La Justicia de Mendoza ha dado un importante respaldo al desarrollo minero en Malargüe al rechazar un amparo presentado por organizaciones ambientalistas. Este fallo ratifica la validez de las Declaraciones de Impacto Ambiental (DIA) de proyectos clave en el distrito, lo que refuerza el camino para la exploración inicial y nuevas inversiones en el sector.
La decisión judicial y las Declaraciones de Impacto Ambiental
El Tribunal de Gestión Asociada-Tercero de Argentina, bajo la resolución de la jueza María Angélica Gamboa, rechazó un amparo impulsado por la Fundación Cullunche y el abogado Eduardo Sosa, quienes habían cuestionado la constitucionalidad de la Ley 9.588. Dicha norma habilita las Declaraciones de Impacto Ambiental para los primeros proyectos del Malargüe Distrito Minero Occidental (MDMO). En total, los demandantes buscaban detener hasta 34 iniciativas mineras mediante esta acción judicial.

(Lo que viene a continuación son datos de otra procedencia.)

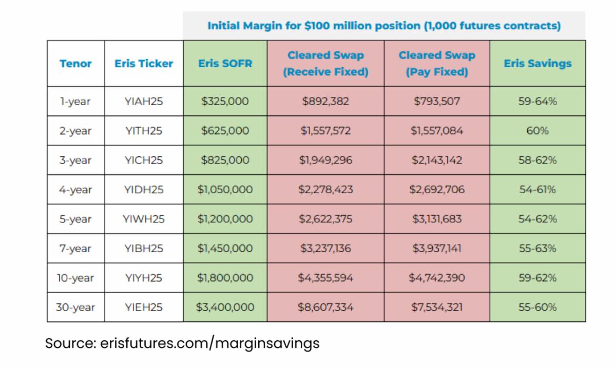 Disclaimer: The information contained herein does not constitute a prospectus, nor is it a recommendation to buy, sell or retain any specific financial instrument or security. The information has been provided to you for informational purposes only and is intended as a broad overview of certain aspects Eris swap futures products, and should not be considered as investment advice, legal advice, or tax advice. Although all effort has been made to provide accurate information Eris Innovations assumes no responsibility for any errors or omissions. Trademarks of Eris Innovations and/or its affiliates include Eris, Eris Innovations, Eris PAI, Eris Methodology, Eris Pricing Engine and the Eris Logo. All other trademarks, service marks, trade names, product names and logos are the property of their respective owners. Certain elements of the contract design and pricing construct are covered by U.S. Patent No. 9,747,641. Other patents-pending. All Rights Reserved. |

La sentencia estableció que no existieron irregularidades significativas en el proceso de evaluación ambiental. Un elemento clave fue la falta de especificación del daño ambiental que podría atribuirse a los proyectos, ya que se cuestionaron en bloque sin considerar las características individuales de cada propuesta. También se subrayó que las iniciativas corresponden a una etapa inicial de exploración bajo supervisión de la Unidad de Gestión Ambiental (UGA), asegurando controles progresivos.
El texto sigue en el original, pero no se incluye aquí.